Both STP-H6 and OCO-3 will be installed on the outside of the space station with the help of Canadarm2, an extremely useful capability that limits the need for astronauts to suit up and perform risky and time-consuming EVAs (extra-vehicular activities) outside the ISS. With its trunk emptied, Cargo Dragon will eventually discard the section to burn up in Earth’s atmosphere just before the reusable capsule begins its own reentry.
Unlike several other spacecraft with service sections, both proposed, flying, or retired, SpaceX’s Dragon spacecraft strive to minimize the complexity and cost of their expendable service sections. For both Cargo and Crew Dragon, the trunk serves as a structural adapter for unpressurized payloads and the Falcon-Dragon interface, hosts solar arrays and radiators, and doesn’t do much else. All propulsion, plumbing, and major avionics are kept within the capsule to maximize reusability.
Defining “slow and steady”
The process of berthing or docking with the ISS is a fundamentally cautious thing, developed by NASA, Roscosmos, and other international partners through forced and painful trial and error. In short, the road to today’s cautious procedures has been paved with countless failures and close calls over decades of space activity. For Cargo Dragon, the process involves berthing, more passive and less complex than docking. Outside of a dozen or so meters, the processes begin quite similarly. Cargo Dragon (Dragon 1) will very slowly approach the station’s several-hundred-meter keep out zone, typically no faster than a few m/s (mph).

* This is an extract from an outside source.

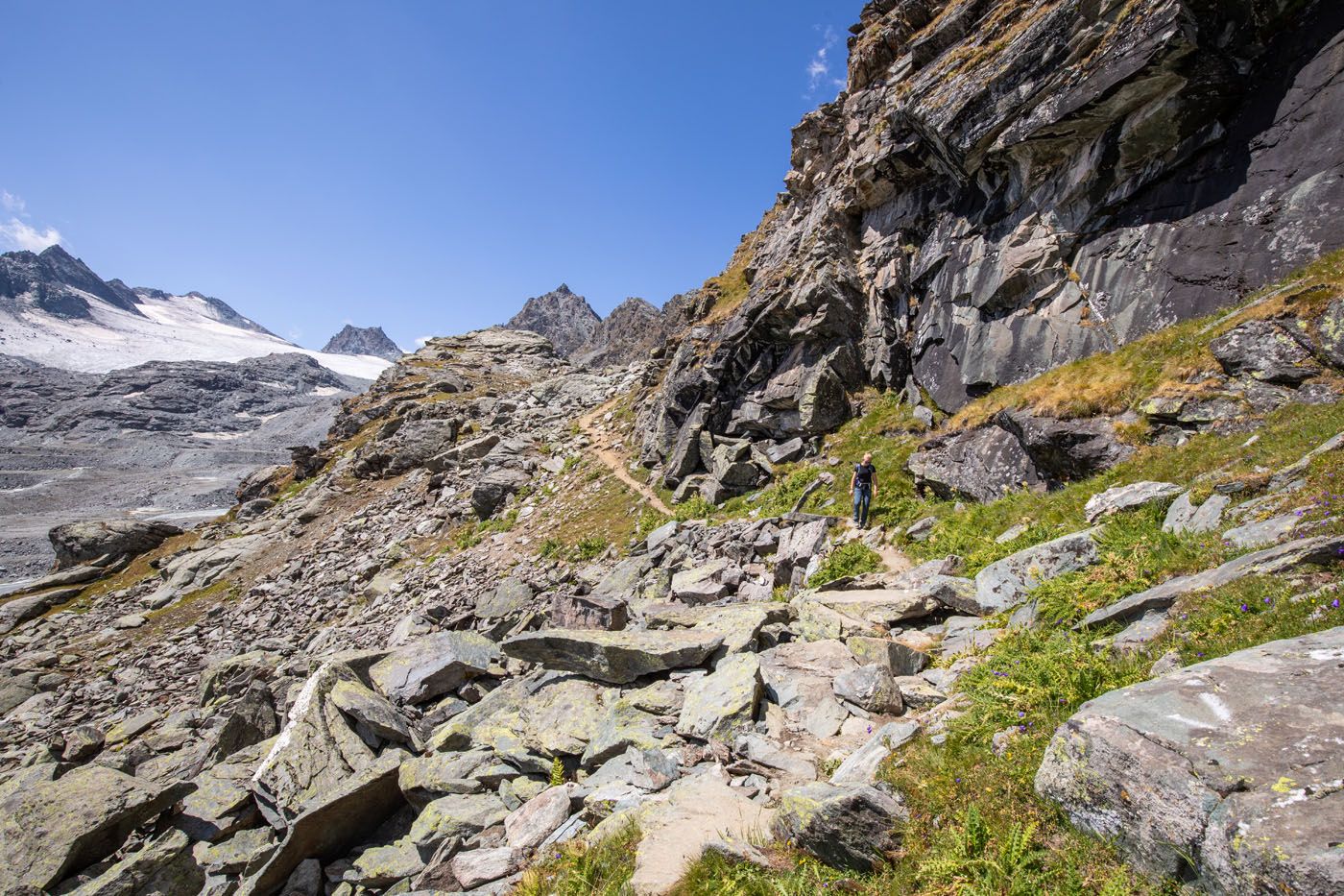 Once you start down the other side of Col de Louvie, you leave behind views of Grand Combin and the lush, green landscape. The terrain dramatically changes into mountains covered in slate gray rocks and boulders. A few receding glaciers cling to several of the highest peaks in the area.
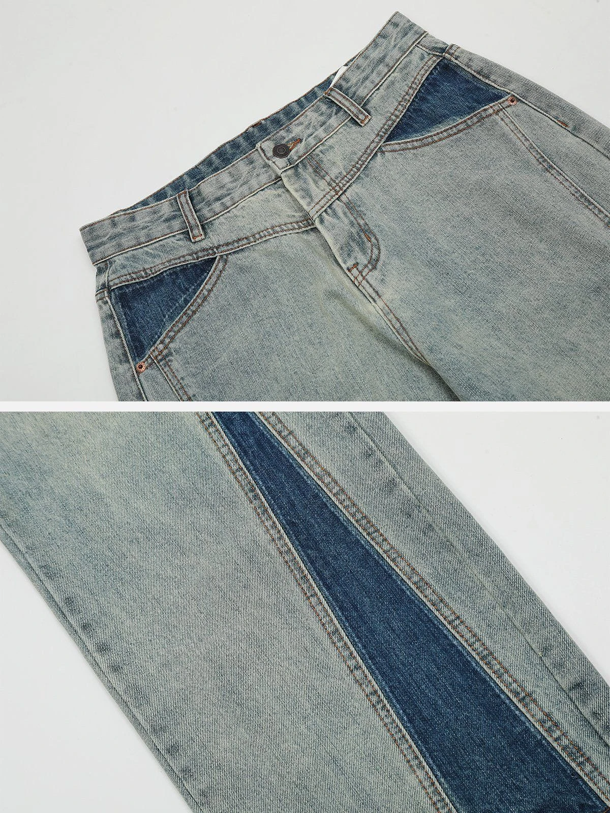 Patchwork jeans with color blocking design are a stylish choice for fashion-forward individuals. Made with a comfortable blend of cotton and spandex, these jeans offer a perfect fit and allow for ease of movement. The patchwork detailing gives these jeans a unique and trendy look, while the color blocking adds a touch of boldness.

Then follows a back-and-forth process of stop and go, in which SpaceX commands Dragon forward, halts at set locations, verifies performance and station readiness with NASA, and repeat. Once within 10 or so meters of the ISS, Dragon will begin carefully stationkeeping, essentially a version of formation flying without a hint of aerodynamic forces. ISS astronauts will then command the Canadarm2 robotic arm toward a sort of target/handle combo located on the spacecraft. The arm follows similar stop-start procedures before finally grappling Dragon, at which point the astronauts in command are legally required (/s) to quip something along the lines of “We’ve caught ourselves a Dragon!”
From start to finish, the process takes about 1.5 hours under optimal conditions. Around 2.5 hours after that, Canadarm2 will physically berth Dragon with one of several ISS berthing ports. Soon after, station astronauts can open Dragon’s hatch, snag some fresh goodies, and begin the unpacking process. CRS-17’s ISS arrival operations will be covered live on NASA TV.